Since the first ARM systems (may be before) you can’t upgrade things on your own, i had an Air which can be SSD upgraded but not memory upgraded. Memory can only be upgraded from factory.
One thing that will potentially future-proof the new Mac Mini is that the SSD is on a removable board. It's a custom Apple design but someone's already hand made their own upgrade. Wouldn't be surprised if there will be 3rd party upgrades commercially available within a year.
> € 230,00 for +8 MB RAM?! There are places you can get that for a tenth of that price.
"Comparing our memory to other system's memory actually isn't equivalent [...] because of the fact that we have such an efficient use of memory, and we use memory compression, and we have a unified memory architecture."
- Bob Borchers, Apple vice president of worldwide product marketing (who apparently never heard of zram)
But what's the point in Borcher's comment? Because there's efficient software use of memory, it's legitimate to put a tenfold price marker on the hardware?
Yeah, that doesn't explain why the Intel Mac Pro cheesegrater wanted $3,000 for 160GB of socketed RAM that OWC would sell from the same manufacturer, same speeds, for $1,000 for 192GB.

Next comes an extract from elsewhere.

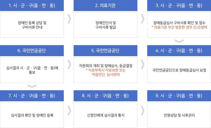 장애인등록 SNS 공유하기 페이스북에 담아가기 트위터에 담아가기 현재 페이지 출력하기 ※ 근거규정 : 장애인복지법 제29조(장애인등록) 및 동법시행규칙 제3조 내지 제11조 등록대상 지체, 뇌병변, 시각, 청각, 언어, 지적, 정신, 자폐성, 신장, 심장, 호흡기, 간, 안면, 장루요루,간질 등 15종류 등록절차 원본 이미지 보기

Sorry Bob, architecture may be different now, but Apple has always been egregious.
They have variations of the program in some European countries. It's been a long time for me, but in the UK they used to just whitelist university domains (we didn't use .edu TLDs either).
We use .ac.uk though (and much of the non-USA world uses .ac.ccTLD similarly) so no need to whitelist individual university domains. I don't know about Apple, but that's a common approach. (And does irritate some where they don't use either and get missed, Canada for example.)